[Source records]
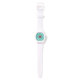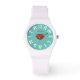 Personalized modern stylish light teal, white and red wristwatch design with the owner's first and last name.
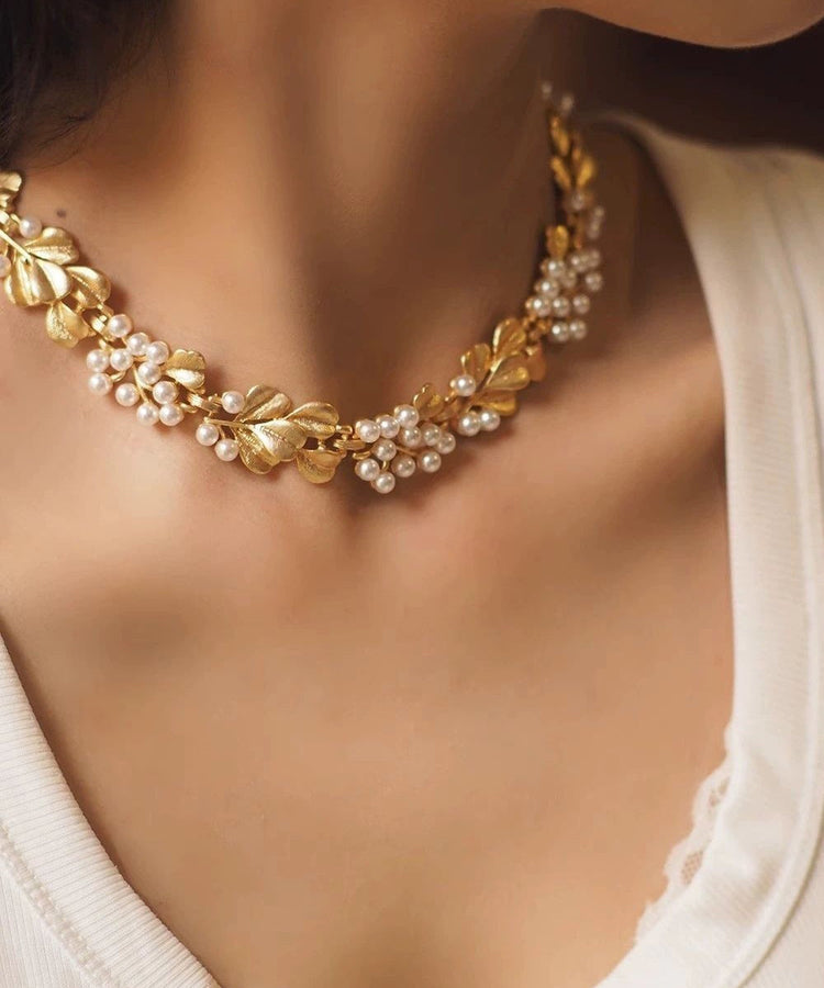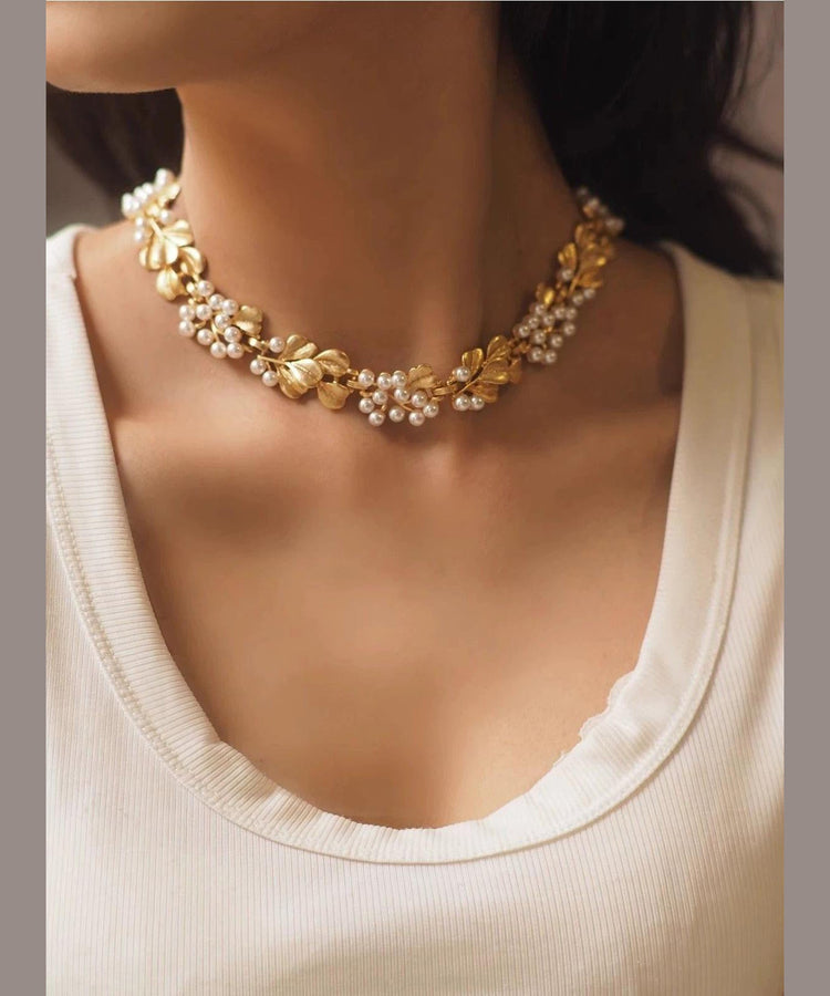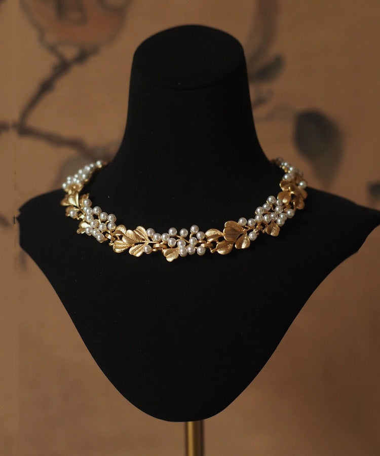 Vogue Gold Copper Alloy Pearl Ginkgo Leaf Gratuated Bead Necklace
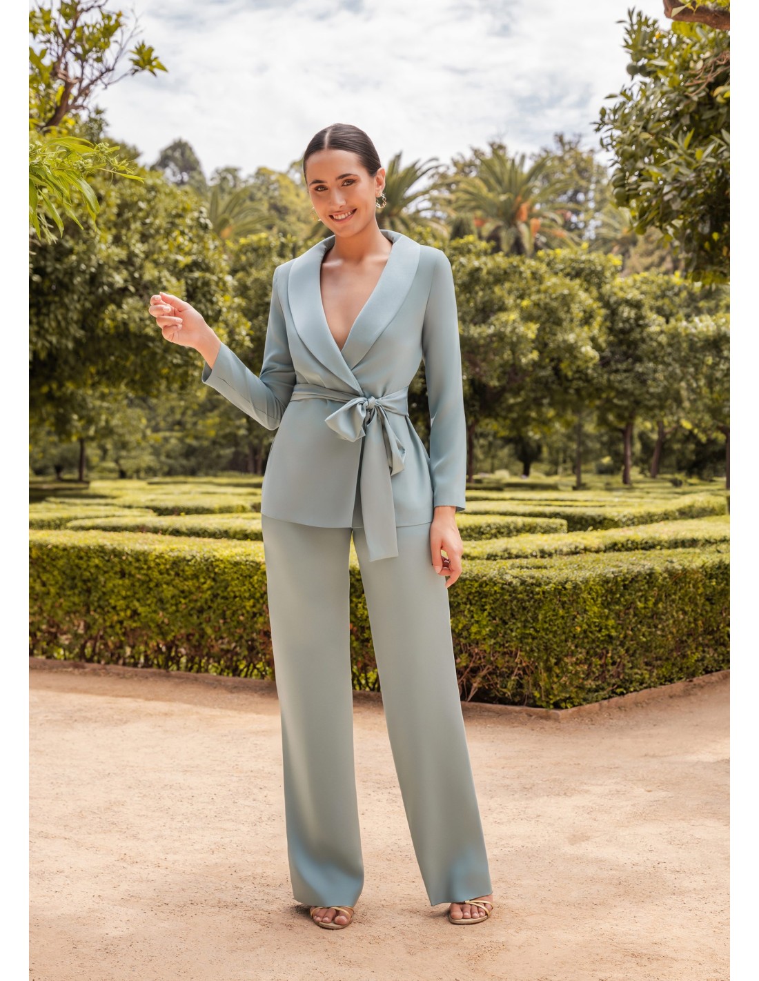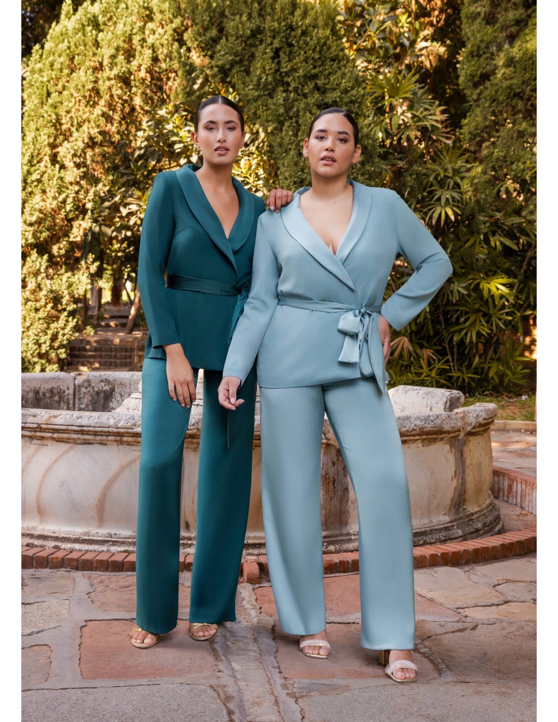 Vos événements d'automne méritent un look spécial qui vous fera briller et vous permettra d'être l'invitée parfaite. Cette tenue d'invité se compose d'une veste à encolure en V et laçage et d'un pantalon long large. Elégante et idéale pour éblouir aussi bien lors de vos événements formels que lors de vos occasions plus décontractées, car vous pouvez la porter ensemble mais aussi séparément.
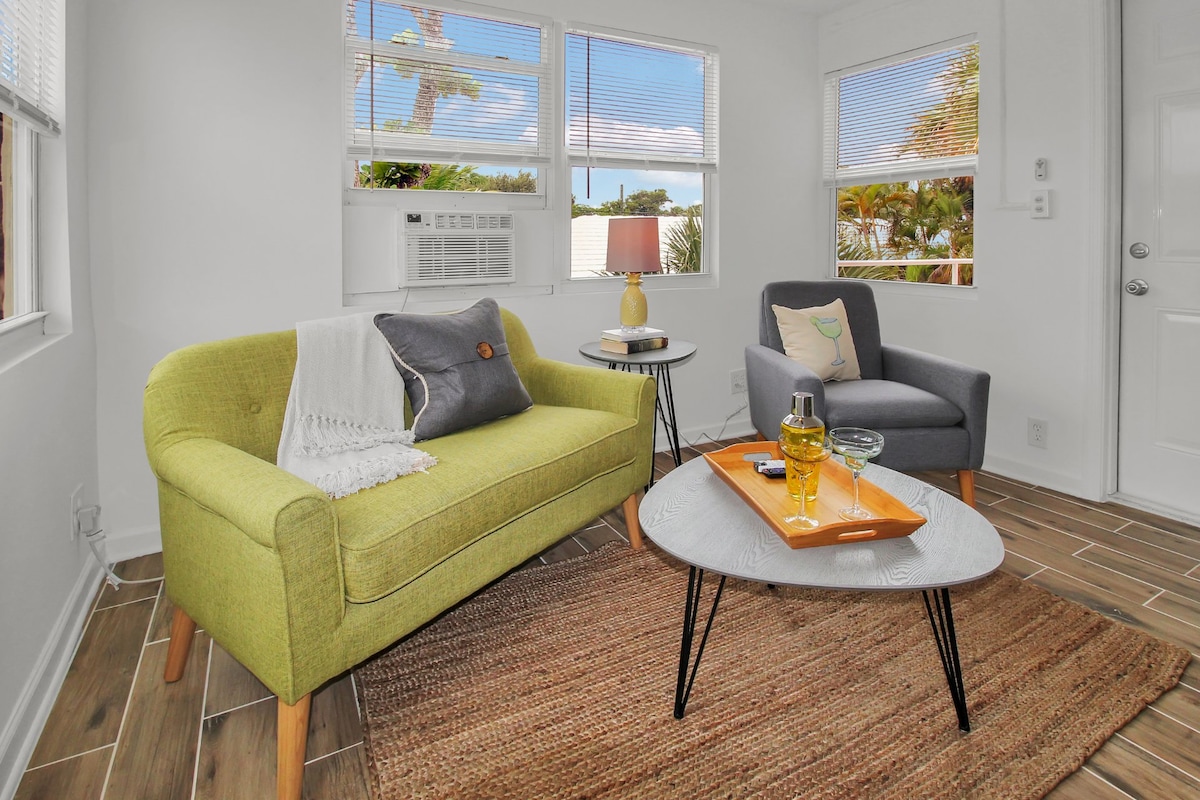 Precioso y moderno apartamento de 1 dormitorio y 1 baño situado a poca distancia a pie de la playa de Lantana. A pocos pasos de Intracoastal Waterway y a solo 1 milla de la playa. Instalaciones con vistas al mar. A poca distancia a pie del centro de la ciudad y de famosos restaurantes, cafeterías y tiendas locales. Actividades: paseos en bote, pesca, buceo, esnórquel y playa. Parques de playa y una rampa para barcos cerca. - Cama tamaño king, armario enorme, espejo de cuerpo completo. - Sala de estar moderna con otomana y vistas al jardín. - TV de 55 pulgadas, Internet de alta velocidad. - Cocina equipada. Aparcamiento.
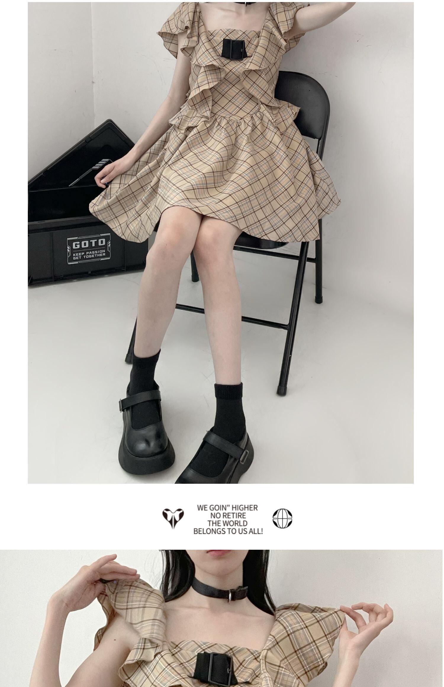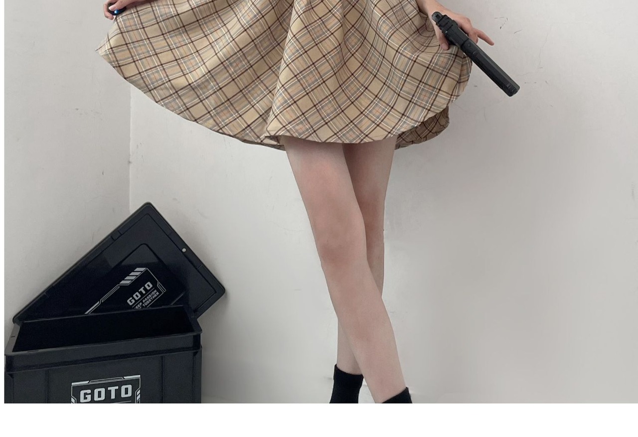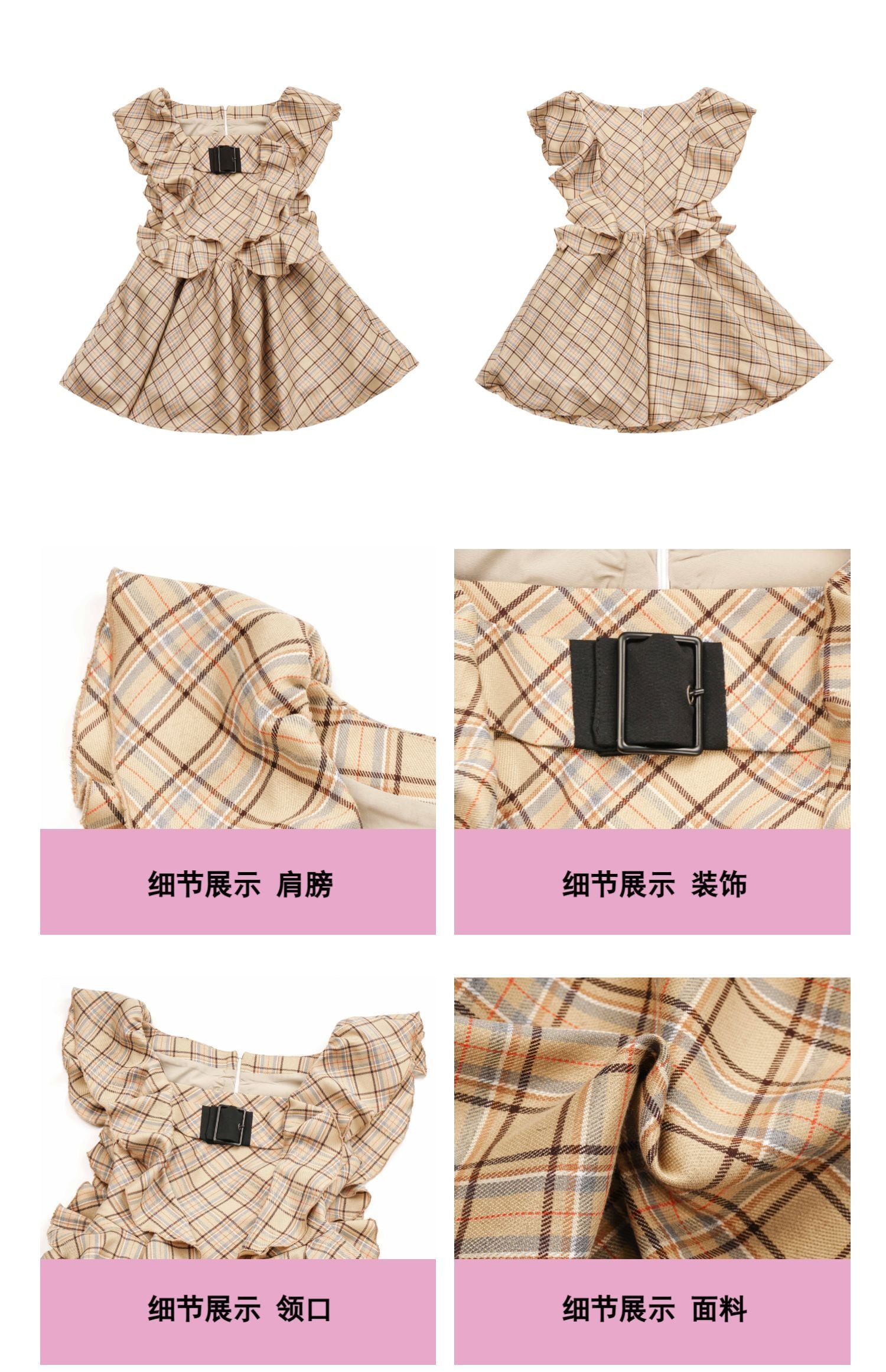 色:ホワイトミルクティーの子犬のTシャツ,チェックスカート,小さなフライングスリーブドレス,真っ黒なスカート

## YOUR ASSIGNMENT
Reproduce the entries exactly. Do not carry over any picture.

## TASK SOLUTION
 Personalized modern stylish light teal, white and red wristwatch design with the owner's first and last name.
 Vogue Gold Copper Alloy Pearl Ginkgo Leaf Gratuated Bead Necklace
 Vos événements d'automne méritent un look spécial qui vous fera briller et vous permettra d'être l'invitée parfaite. Cette tenue d'invité se compose d'une veste à encolure en V et laçage et d'un pantalon long large. Elégante et idéale pour éblouir aussi bien lors de vos événements formels que lors de vos occasions plus décontractées, car vous pouvez la porter ensemble mais aussi séparément.
 Precioso y moderno apartamento de 1 dormitorio y 1 baño situado a poca distancia a pie de la playa de Lantana. A pocos pasos de Intracoastal Waterway y a solo 1 milla de la playa. Instalaciones con vistas al mar. A poca distancia a pie del centro de la ciudad y de famosos restaurantes, cafeterías y tiendas locales. Actividades: paseos en bote, pesca, buceo, esnórquel y playa. Parques de playa y una rampa para barcos cerca. - Cama tamaño king, armario enorme, espejo de cuerpo completo. - Sala de estar moderna con otomana y vistas al jardín. - TV de 55 pulgadas, Internet de alta velocidad. - Cocina equipada. Aparcamiento.
 色:ホワイトミルクティーの子犬のTシャツ,チェックスカート,小さなフライングスリーブドレス,真っ黒なスカート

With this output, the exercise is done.